TORONTO – North American stock markets fell as a dovish member of the Federal Reserve hinted the central bank would be aggressive in tackling searing inflation.
Governor Lael Brainard, who was named vice-chairman of the Fed, said in a speech on Tuesday that the highest containment of inflation in 40 years is “critically important” and that the central bank is ready. to continue to raise short-term interest rates. after its rise in March, the first since 2018.
She said rates would rise methodically, but the bank’s massive bond-buying program designed to support the economy after the arrival of the COVID-19 pandemic would be scaled back from its next meeting in May. .
Anish Chopra, chief executive of Portfolio Management Corp., said the rate hikes were expected, but comments about its rapidly shrinking balance sheet may have sparked greater market concern.
Investors fear “that overall you’ll get a much more aggressive Fed, which gives you a higher risk of a recession, because if the Fed is aggressive instead of going slow, there’s a chance it will overdo it and the economy tips into a slowdown or a recession,” he said in an interview.
Deutsche Bank on Tuesday became one of the first major banks to predict a recession in the United States.
The S&P/TSX Composite Index closed down 154.77 points at 21,930.83 after setting an intraday high of 22,213.07.
In New York, the Dow Jones industrial average fell 280.70 points to 34,641.18. The S&P 500 index fell 57.52 points to 4,525.12, while the Nasdaq composite fell 328.38 points or 2.3% to 14,204.17.

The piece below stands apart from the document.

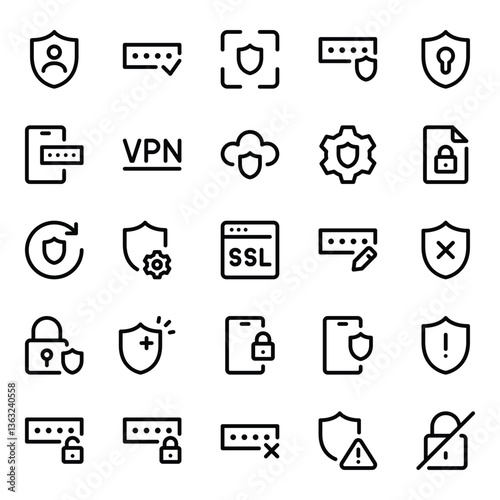 Outline icons set for Security.
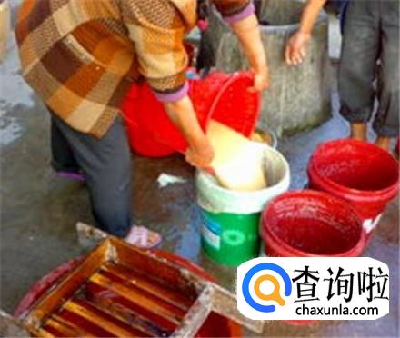 将打碎的地瓜放进桶里或者盆里,加上水搅拌之后倒入一个过滤布里面,用那种大一些的屉布就行,将水分控出去,剩余的红薯水淀粉倒在盆里或者桶里面。

Brainard’s comments came ahead of Wednesday’s release of the Fed’s March meeting minutes, which could also shed light on its tightening trajectory ahead. The European Central Bank will publish the minutes of its last meeting on Thursday.
Chopra said it was clear that interest rate increases were happening around the world.
US 10-year bond yields which had reversed with two-year bond yields resumed their climb to the highest level of the year.
“I think that reinforces the slowdown… (and) if you look at it, observers are worried, the market is worried that we’re going into a recession based on aggressive central bank action.”
Commodities and technology fell on Tuesday on fears that a slowing economy or recession could reduce demand for oil, metals and technology products.
“So lower demand for technology products, lower demand for commodities and you can just see that in stock prices it’s just lower revenue potential in the future if there’s has a recession,” Chopra said.
Materials fell 2.5% on lower gold prices, while shares of Lithium Americas Corp. fell 10.6%.
The June gold contract was down US$6.50 at US$1,927.50 an ounce and the May copper contract was up 1.4 cents at nearly US$4.80 an ounce. delivered.
A drop in crude oil prices sent the energy sector down 1.6%, Crescent Point Energy Corp. losing 5.9%.
The May crude contract was down US$1.32 at US$101.96 per barrel and the May natural gas contract was up 32 cents at US$6.03 per mmBTU.
The Canadian dollar traded for a nearly five-month high at 80.31 cents US, down from 80.06 cents US on Monday.
Chopra said the loonie lagged and broke away from the price of oil.
“But today is one of those catch-up days where despite the drop in the price of oil, the Canadian dollar rises. But over the past few months, the Canadian dollar really hasn’t done much despite the dramatic rise in the price of oil.
The technology sector was weaker with Hut 8 Mining Corp. down 5.4% and Shopify Inc. down 3.2%.
Healthcare, industrials and financials were among the eight losing sectors that day.
Consumer staples dominated the TSX, climbing on support from grocers Loblaw Companies Ltd. having gained 3.1%.
This report from The Canadian Press was first published on April 5, 2022.
Companies in this story: (TSX:L, TSX:HUT, TSX:SHOP, TSX:CPG, TSX:LAC, TSX:GSPTSE, TSX:CADUSD=X)
Note to readers: This is a corrected story. A previous version had the wrong day of the week.